Сашка был почти ровесником Краснова, их разделяло всего каких-то два три месяца. Еще в детстве они были дружны, но постепенно с взрослением их интересы разошлись, и каждый по жизни пошел своим путем. Сашка выбрал путь своего папаши, который в довоенном Смоленске слыл авторитетным жуликом по кличке «Гнусавый».
В воспитании сына он участия никакого не принимал. О том, что у него есть отец, Сашка узнал лишь в семь лет, когда его отец освободился из лагеря, и впервые появился в доме матери. С того самого времени Сашка полюбил его, и старался всячески подрожать ему.
А в тридцать шестом году, отца убили -убили где-то на Запольной. Убили свои же — блатные, с которыми он «чалился» в одном лесном лагере в челябинской области, когда отбывал срок. Его труп случайно нашли, месяц спустя, в овраге Рачевки, и тогда Сашка, поклялся найти, и отомстить тому, кто лишил отца жизни.
После его смерти Фирсана, словно подменили. Он как-то сразу порвал дружбу со всеми дворовыми пацанами, и очень быстро влился в криминальную струю. Почуяв дух свободы, парень настолько распоясался, что изменить его жуликоватое мировоззрение стало практически невозможно. А после седьмого класса, он пошел учиться в школу фабрично–заводского ученичества, закончить, которое он не успел. Скорешившись, с местными жуликами и ворами, он забросил учебу, и приступил к освоению бандитского промысла на улицах ночного города, нападая со своей компанией на достопочтимых, хорошо одетых горожан.
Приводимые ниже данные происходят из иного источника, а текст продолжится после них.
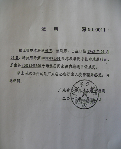 通行证换发证明:港澳居民因在内地办理相关业务需要,可分别向香港、澳门中国旅行社申请办理通行证换发证明(式样见附件2、3)。该证明由广东省公安厅出入境管理局统一出具,证明新通行证根据原通行证换发。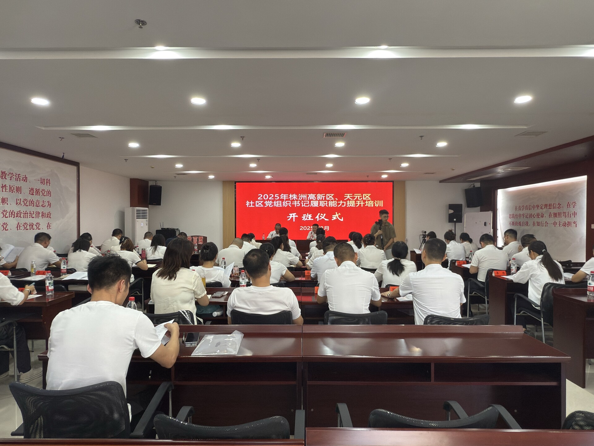 为进一步提升社区书记的综合素养与履职能力,夯实基层治理根基,推动社区工作高质量发展,8月25日上午,株洲市天元区社区党组织书记履职能力提升培训班开班仪式在天元区老干部服务中心二楼会议室隆重举行。来自辖区内各社区的52名社区书记齐聚一堂,开启为期5天的集中学习充电之旅。

Список задержаний Фирсанова в милицейские отделы НКВД, полнился с каждым днем. Сначала это были незначительные правонарушения, но со временем, его «послужной список» начинал пополняться, более серьезными проступками, которые плавно переходили в ранг уголовных. Хоть и был возраст уголовного наказания снижен до двенадцати лет, Фирсанов, хоть и был старше, под действие уголовного кодекса пока не дотягивал. Но уже не за горами был тот час, когда капкан советского закона, должен был захлопнуться.
И вот… В один из весенних дней, устроил Фирсан «толковище», так называли на блатном языке свои разборки закоренелые уголовники. На пустыре — не далеко от ручья, слободские пацаны почти каждый день гоняли в футбол. Там и состоялась импровизированное посвящение новоиспеченного жигана и жулика Саши Фирсанова.
Он появился случайно — без всяких предварительных договоренностей.
— Ну шо зяблики, пузырь гоняем? Я тут по случаю, решил заглянуть в родные места, — сказал Фирсан, перекидывая папироску из одного уголка рта в другой.
— И что приперся, — спросил его Синица. — Наверное соскучился?
— Соскучился…
— Я слышал ты уже…
— Ну, так жизнь Шура идет… Пришла пора мне рамсы шпане раскатать, чтобы не бурели. Эй, бродяги, — обратился он к ребятам, — слушайте Сашу Фирсанова!
Ребятня, гонявшая мяч, с интересом замерла в ожидании, и подтянулась поближе, чтобы не пропустить самого интересного.
— Так зяблики, зарубите на носу! Повторять больше не буду. Для всех вас, я как «Фирсан» умер, — сказал Сашка, вызывая смех.
— Фирсан умер?! Ха– ха –ха! Фирсан умер! — загалдели пацаны, глядя на этот иронический спектакль одного актера.
— Меня жулики «Ферзем» окрестили, — сказал он, демонстративно разминая кулаки. — Я хочу, чтобы и вы тоже «Ферзем» величали. А тот кто будет путать «Ферзя» с «Фирсаном», будет мною схвачен и жестоко отфигачен. Закатаю ниже поверхности земли. — сурово сказал он. — Шутить больше не буду! Надоело!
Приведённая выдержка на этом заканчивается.